WHAT IS BEING ASKED ▸
Please repeat, exactly as they stand, the line containing "Das Ziel der" and the lines after it through the final line of the listing below, minus pictures.

THE DATA ▸
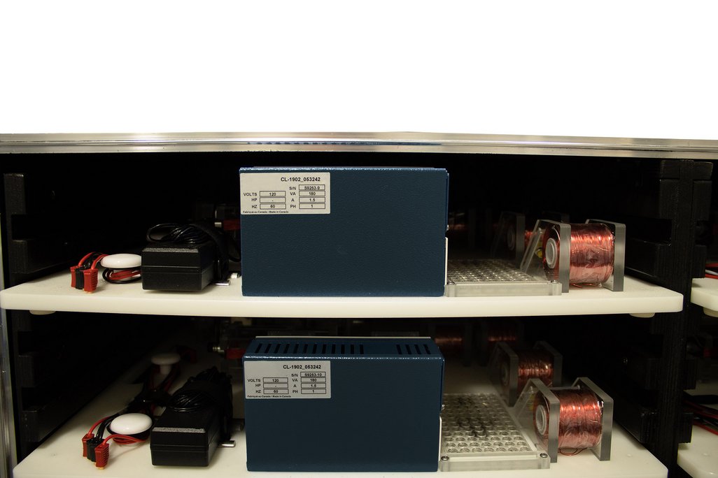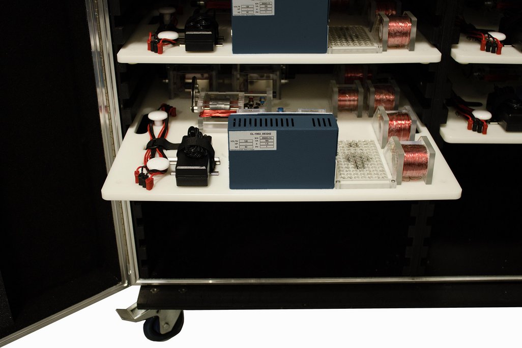 Contenu de l’ensemble | Douze (12) unités complètes CL-1902. Un (1) coffre de rangement CL-1902-12. Trois (3) kits de démonstration du champ magnétique. Deux (2) fils de raccordement noirs de 75 cm (30 po). Deux (2) fils de raccordement rouges de 75 cm (30 po). Dix (10) courroies de 3 mm (1/8 po) d’épaisseur, 5,67 cm (2,234 po) de diamètre intérieur et 6,4 cm (2,512 po) de diamètre extérieur. Deux (2) tiges en aluminium. Deux (2) tiges en acier. Deux (2) tiges aimantées. Trois (3) boussoles en plastique. |
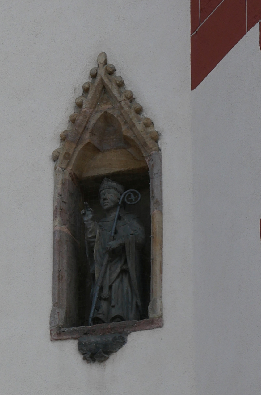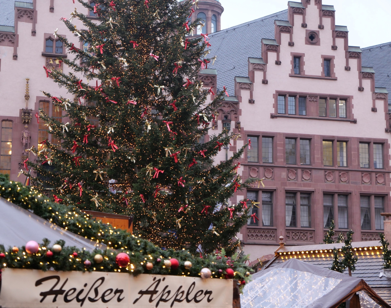 Das Ziel der Wanderung, die dem Heiligen gewidmete Nicolaikirche auf dem Römerberg, steht im Weihnachtsmarktgewühl. In der Wand ist eine Nikolausfigur eingelassen, Blickrichtung Römerberg. Nur spuckt Nikolaus keine Galle, holt noch nicht mal zu Ohrfeige aus. Stattdessen gilt all den Buden, Lebkuchen, Lichtern, Menschen, Maiskolben, Mandeln, dem Kinderkarussell und dem Weihnachtsbaum seine segnende Geste.
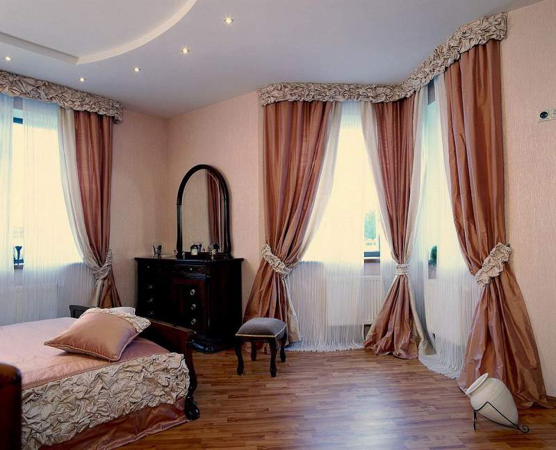 Nicht-Standard-Zimmer mit zwei Fenstern - eine große Chance für die Verwirklichung von Wohnkomfort. Zuerst müssen Sie den Stil des Schlafzimmers bestimmen - klassisch, modern, Provence, Loft, Minimalismus oder Barock, und nur dann können Sie Textilien aufheben.

TASK RESULT ▸
 Das Ziel der Wanderung, die dem Heiligen gewidmete Nicolaikirche auf dem Römerberg, steht im Weihnachtsmarktgewühl. In der Wand ist eine Nikolausfigur eingelassen, Blickrichtung Römerberg. Nur spuckt Nikolaus keine Galle, holt noch nicht mal zu Ohrfeige aus. Stattdessen gilt all den Buden, Lebkuchen, Lichtern, Menschen, Maiskolben, Mandeln, dem Kinderkarussell und dem Weihnachtsbaum seine segnende Geste.
 Nicht-Standard-Zimmer mit zwei Fenstern - eine große Chance für die Verwirklichung von Wohnkomfort. Zuerst müssen Sie den Stil des Schlafzimmers bestimmen - klassisch, modern, Provence, Loft, Minimalismus oder Barock, und nur dann können Sie Textilien aufheben.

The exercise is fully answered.